Researchers at the University of Turku found that even very low levels of glyphosate-based herbicide residues have a negative effect on endophytic microbes associated with garden strawberry.
In a field study, researchers at the University of Turku, Finland, followed the standard agricultural practices of herbicide application and investigated the impact of glyphosate residues in soil on the endophytic microbial communities of garden strawberry.
Samples collected from strawberry plants that had been growing in the experimental field showed that even though the overall composition of a microbial community and the growth of garden strawberries were unaffected, certain endophytic microbes known for their plant-beneficial functions were relatively less abundant in the strawberry plants that had been exposed to herbicide residues in soil.

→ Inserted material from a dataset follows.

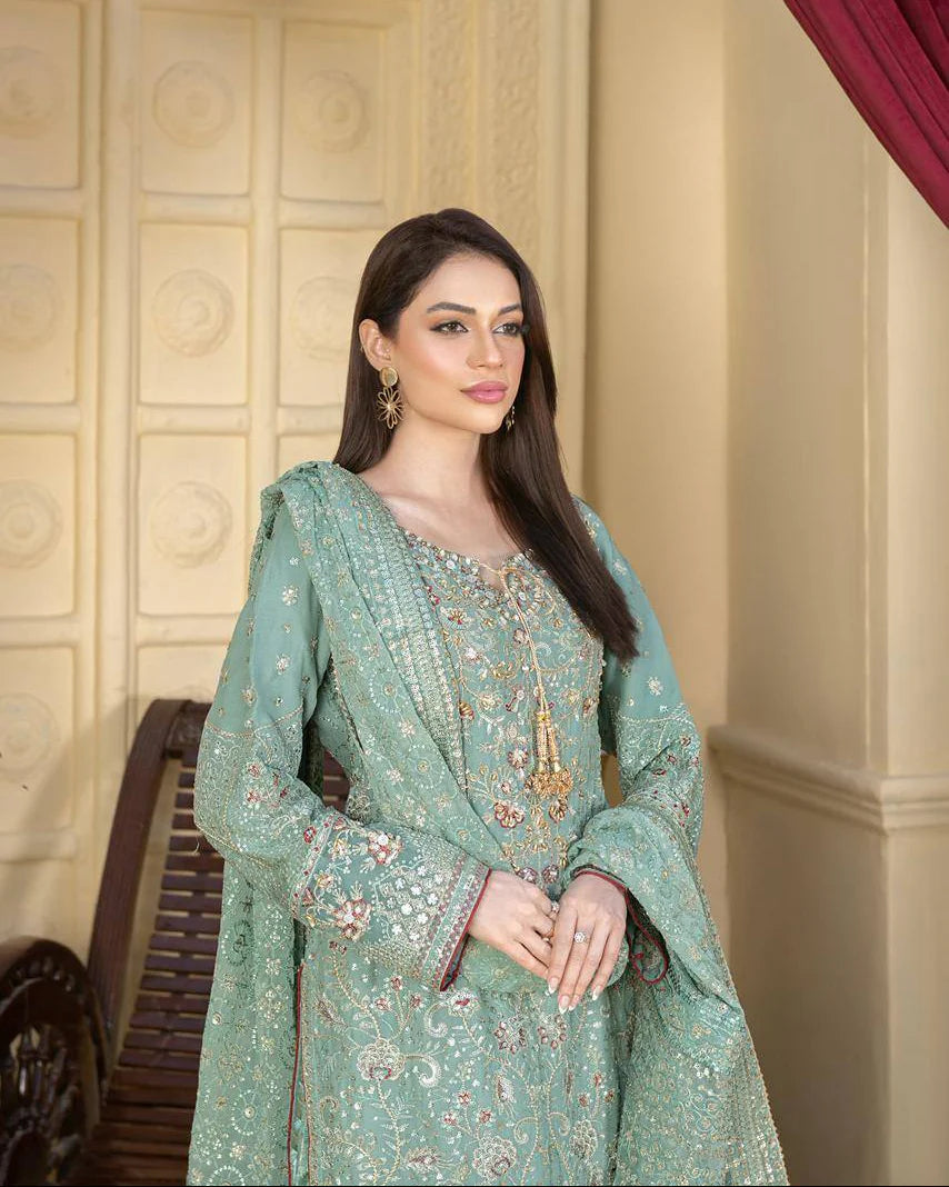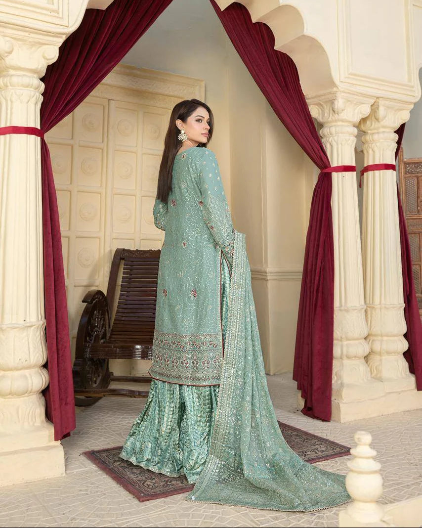 Effortlessly elegant, SJ3325 Black is your go-to outfit for any occasion. The 3PC Ready To Wear set includes a beautiful Chiffon shirt, complemented by a matching Dupatta, and a luxurious Banarasi Sharara. Make a statement wherever you go with this stunning and versatile outfit.

“These plant-beneficial microbes are endophytic meaning that they live within leaves and roots of plants. They include bacteria, and fungi, and they form microbial communities within plants. These microbial communities promote nutrition, disease resistance and stress tolerance of their host plants. So, these endophytic microbes are essential partners of plants, as plants depend on them for health and survival,” explains Dr Suni Mathew from the University of Turku Department of Biology.
Glyphosate-based herbicides are used to kill weeds in agricultural fields before sowing and are claimed to degrade quickly in the soil, so that agricultural crops planted after the two-week safety period are not exposed to the chemical. However, other studies have shown that this is not the case and low residues of glyphosate are found in the soil even after two weeks.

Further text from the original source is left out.